■ RECORDS SHOWN:
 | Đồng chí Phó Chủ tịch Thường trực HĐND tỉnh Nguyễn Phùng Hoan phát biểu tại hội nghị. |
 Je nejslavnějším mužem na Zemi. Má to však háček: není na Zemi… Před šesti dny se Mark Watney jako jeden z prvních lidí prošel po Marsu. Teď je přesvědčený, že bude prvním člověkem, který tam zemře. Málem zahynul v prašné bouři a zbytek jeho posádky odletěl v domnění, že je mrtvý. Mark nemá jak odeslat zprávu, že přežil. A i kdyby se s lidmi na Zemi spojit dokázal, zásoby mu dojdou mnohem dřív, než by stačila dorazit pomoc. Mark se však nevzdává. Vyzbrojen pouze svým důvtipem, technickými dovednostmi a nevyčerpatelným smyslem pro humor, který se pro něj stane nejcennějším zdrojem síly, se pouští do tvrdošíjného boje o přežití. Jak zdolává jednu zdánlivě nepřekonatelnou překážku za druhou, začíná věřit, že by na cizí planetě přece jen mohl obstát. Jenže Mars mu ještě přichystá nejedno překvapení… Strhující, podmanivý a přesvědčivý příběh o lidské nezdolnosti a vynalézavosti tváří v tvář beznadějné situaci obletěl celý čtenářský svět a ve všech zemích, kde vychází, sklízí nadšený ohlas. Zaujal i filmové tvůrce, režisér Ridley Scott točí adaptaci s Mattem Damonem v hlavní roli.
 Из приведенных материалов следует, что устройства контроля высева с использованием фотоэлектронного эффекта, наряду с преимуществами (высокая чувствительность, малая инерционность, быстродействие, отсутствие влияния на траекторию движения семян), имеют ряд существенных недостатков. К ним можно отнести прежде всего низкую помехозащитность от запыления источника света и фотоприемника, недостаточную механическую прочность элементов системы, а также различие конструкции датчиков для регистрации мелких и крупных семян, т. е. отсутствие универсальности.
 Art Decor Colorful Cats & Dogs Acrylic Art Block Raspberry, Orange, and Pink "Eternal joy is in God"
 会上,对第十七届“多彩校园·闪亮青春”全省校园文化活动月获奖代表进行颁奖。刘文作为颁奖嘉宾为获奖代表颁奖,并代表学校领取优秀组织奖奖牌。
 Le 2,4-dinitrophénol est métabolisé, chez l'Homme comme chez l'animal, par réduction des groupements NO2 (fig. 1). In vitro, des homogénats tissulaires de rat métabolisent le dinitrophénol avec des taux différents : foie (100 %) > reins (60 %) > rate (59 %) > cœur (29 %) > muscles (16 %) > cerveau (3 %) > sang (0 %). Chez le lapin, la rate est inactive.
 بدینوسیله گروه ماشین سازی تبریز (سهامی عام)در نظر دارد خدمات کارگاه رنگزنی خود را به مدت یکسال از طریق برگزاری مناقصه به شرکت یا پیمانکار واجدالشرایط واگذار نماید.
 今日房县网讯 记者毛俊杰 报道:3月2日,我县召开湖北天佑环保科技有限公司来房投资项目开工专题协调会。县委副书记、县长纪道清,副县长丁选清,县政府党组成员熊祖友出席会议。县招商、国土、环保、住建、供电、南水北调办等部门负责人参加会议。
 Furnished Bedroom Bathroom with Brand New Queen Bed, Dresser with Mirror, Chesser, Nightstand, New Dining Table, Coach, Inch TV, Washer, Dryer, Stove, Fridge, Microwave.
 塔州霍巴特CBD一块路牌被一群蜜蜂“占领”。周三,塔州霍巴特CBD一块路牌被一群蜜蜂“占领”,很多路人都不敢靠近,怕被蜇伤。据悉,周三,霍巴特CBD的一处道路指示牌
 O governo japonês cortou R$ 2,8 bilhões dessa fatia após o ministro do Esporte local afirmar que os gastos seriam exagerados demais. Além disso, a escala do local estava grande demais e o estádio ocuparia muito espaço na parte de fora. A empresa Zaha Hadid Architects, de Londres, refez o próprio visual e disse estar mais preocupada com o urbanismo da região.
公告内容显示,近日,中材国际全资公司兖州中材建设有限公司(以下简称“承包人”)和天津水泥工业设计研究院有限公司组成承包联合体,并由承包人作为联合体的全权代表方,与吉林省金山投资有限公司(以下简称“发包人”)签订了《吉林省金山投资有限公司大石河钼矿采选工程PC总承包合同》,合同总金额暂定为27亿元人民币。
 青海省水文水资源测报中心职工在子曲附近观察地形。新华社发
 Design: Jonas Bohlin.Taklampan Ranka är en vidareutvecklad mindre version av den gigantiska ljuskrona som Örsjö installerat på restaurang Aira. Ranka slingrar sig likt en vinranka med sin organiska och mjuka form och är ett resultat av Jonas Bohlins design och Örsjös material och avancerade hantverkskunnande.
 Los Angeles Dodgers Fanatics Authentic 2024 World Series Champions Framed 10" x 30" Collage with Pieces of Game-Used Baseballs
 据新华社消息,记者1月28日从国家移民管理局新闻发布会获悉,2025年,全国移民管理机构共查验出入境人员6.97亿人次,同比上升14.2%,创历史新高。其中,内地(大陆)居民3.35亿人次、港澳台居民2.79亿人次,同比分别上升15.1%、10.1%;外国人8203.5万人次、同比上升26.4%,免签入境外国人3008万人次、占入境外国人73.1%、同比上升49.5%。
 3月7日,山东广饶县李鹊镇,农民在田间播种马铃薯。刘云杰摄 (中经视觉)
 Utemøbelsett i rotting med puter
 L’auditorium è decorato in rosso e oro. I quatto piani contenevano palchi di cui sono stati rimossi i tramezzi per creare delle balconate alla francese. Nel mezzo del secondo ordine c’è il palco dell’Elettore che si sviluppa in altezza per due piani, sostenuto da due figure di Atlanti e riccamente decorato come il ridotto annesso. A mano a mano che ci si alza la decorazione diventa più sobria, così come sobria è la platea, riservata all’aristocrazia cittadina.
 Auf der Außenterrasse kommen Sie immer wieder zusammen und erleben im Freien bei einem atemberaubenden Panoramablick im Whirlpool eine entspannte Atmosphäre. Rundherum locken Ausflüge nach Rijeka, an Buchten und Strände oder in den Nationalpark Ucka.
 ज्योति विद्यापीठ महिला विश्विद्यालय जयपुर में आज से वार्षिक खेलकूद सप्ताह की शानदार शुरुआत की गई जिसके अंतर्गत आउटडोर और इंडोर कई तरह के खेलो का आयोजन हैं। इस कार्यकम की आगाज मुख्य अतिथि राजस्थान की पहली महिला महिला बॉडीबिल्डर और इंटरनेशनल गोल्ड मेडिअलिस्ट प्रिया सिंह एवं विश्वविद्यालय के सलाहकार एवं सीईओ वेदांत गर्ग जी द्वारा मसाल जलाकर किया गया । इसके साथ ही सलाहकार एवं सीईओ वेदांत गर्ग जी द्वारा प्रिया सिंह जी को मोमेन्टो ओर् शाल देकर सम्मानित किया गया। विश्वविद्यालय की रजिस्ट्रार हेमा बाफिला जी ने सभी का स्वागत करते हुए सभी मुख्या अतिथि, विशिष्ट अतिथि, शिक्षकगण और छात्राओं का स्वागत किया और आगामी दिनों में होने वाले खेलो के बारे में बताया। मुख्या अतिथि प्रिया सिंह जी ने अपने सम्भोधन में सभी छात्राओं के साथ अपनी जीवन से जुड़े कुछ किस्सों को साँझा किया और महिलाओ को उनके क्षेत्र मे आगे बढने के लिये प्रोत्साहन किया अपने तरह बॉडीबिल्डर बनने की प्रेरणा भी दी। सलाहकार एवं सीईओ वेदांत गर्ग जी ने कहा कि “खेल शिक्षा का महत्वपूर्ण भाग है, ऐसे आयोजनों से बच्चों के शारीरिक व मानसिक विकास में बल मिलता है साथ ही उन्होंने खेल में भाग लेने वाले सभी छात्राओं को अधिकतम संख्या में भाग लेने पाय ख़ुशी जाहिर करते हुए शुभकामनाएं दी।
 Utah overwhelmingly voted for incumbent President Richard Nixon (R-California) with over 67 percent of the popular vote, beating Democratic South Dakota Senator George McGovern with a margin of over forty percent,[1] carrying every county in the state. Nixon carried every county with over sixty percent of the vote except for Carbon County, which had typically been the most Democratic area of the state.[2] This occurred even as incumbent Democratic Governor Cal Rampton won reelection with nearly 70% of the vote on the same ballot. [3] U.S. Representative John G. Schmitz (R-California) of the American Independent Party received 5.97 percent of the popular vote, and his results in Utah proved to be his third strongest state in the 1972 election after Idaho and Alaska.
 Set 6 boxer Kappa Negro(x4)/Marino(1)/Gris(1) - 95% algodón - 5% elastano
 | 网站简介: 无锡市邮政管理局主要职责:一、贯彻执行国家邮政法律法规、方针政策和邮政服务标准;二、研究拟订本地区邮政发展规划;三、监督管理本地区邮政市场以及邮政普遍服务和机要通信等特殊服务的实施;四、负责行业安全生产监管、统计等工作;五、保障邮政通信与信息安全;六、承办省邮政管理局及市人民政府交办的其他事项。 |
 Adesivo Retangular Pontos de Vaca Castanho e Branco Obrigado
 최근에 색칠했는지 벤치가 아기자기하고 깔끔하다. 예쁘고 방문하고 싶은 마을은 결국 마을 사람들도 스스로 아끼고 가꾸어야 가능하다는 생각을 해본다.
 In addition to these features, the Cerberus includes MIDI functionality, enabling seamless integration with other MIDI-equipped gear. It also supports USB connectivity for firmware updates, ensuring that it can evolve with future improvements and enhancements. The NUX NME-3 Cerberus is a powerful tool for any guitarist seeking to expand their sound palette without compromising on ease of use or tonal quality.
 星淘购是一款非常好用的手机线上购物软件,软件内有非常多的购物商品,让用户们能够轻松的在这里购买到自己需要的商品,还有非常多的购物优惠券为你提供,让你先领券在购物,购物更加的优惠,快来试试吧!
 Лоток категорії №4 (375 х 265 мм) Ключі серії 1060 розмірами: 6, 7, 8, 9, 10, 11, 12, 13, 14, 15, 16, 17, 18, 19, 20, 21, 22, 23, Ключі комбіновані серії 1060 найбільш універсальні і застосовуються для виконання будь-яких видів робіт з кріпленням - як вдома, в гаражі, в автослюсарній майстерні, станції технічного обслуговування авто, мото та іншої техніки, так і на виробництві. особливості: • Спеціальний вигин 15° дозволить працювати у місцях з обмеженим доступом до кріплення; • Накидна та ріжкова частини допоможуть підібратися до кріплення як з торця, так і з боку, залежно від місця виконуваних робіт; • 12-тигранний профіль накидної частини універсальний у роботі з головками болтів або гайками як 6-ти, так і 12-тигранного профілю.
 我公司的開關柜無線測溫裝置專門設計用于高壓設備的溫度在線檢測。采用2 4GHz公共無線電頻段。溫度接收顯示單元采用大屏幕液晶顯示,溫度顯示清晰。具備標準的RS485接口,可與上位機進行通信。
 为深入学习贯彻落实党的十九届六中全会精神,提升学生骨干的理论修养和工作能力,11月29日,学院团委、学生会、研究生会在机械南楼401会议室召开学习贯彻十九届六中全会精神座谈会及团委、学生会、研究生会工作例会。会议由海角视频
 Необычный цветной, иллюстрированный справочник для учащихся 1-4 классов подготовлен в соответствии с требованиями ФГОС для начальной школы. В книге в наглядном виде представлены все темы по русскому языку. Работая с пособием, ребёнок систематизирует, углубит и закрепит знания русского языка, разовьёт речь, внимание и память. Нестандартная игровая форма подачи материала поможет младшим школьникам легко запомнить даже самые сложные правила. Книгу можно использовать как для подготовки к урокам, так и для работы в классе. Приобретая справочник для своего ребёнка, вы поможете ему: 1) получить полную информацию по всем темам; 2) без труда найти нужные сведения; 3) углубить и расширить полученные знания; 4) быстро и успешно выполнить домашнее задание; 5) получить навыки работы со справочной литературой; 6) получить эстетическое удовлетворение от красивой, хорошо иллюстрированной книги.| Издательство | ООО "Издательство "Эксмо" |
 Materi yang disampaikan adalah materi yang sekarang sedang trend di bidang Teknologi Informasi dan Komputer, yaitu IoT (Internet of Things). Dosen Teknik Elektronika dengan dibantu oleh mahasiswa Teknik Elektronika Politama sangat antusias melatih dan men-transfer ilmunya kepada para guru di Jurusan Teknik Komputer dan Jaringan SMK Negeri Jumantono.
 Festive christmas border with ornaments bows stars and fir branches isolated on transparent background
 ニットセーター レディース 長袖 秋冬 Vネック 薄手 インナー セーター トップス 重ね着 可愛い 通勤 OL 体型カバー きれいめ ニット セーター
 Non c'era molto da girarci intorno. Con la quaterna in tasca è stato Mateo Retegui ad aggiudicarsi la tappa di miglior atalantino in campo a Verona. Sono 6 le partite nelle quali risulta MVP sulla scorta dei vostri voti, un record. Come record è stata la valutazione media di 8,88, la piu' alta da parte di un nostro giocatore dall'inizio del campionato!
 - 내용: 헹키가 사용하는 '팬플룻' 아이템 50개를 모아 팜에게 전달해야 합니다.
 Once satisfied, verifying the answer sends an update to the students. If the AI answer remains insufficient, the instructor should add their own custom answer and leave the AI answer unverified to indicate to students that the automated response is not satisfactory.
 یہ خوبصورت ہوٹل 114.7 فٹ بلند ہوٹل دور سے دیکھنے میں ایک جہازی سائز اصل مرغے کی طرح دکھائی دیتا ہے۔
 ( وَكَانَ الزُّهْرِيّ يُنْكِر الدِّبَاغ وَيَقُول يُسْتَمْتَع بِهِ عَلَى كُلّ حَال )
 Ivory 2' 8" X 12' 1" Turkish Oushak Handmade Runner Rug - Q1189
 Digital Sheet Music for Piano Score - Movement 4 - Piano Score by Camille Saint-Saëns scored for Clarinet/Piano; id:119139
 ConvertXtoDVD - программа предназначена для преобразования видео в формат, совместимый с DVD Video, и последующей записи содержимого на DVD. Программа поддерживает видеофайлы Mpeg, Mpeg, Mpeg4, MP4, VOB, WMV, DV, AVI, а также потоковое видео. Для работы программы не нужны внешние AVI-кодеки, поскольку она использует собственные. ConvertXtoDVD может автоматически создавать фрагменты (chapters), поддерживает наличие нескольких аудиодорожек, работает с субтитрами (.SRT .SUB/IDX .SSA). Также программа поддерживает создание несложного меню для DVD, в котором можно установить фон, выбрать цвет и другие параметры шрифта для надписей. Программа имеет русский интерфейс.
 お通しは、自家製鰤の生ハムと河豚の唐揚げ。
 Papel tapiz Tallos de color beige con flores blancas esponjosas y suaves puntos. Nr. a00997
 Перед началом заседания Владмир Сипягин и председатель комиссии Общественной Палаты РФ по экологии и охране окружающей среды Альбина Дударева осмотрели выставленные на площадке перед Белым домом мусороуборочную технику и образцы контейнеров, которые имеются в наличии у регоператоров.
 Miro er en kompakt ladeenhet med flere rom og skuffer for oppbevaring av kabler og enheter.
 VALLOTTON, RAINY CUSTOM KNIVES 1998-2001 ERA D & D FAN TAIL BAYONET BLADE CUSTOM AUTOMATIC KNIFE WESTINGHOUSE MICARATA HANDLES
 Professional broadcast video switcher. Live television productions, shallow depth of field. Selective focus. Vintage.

■ WHAT YOU SHOULD DO:
Copy each line above holding "their".

■ WRITTEN RESPONSE:
 In addition to these features, the Cerberus includes MIDI functionality, enabling seamless integration with other MIDI-equipped gear. It also supports USB connectivity for firmware updates, ensuring that it can evolve with future improvements and enhancements. The NUX NME-3 Cerberus is a powerful tool for any guitarist seeking to expand their sound palette without compromising on ease of use or tonal quality.
 Once satisfied, verifying the answer sends an update to the students. If the AI answer remains insufficient, the instructor should add their own custom answer and leave the AI answer unverified to indicate to students that the automated response is not satisfactory.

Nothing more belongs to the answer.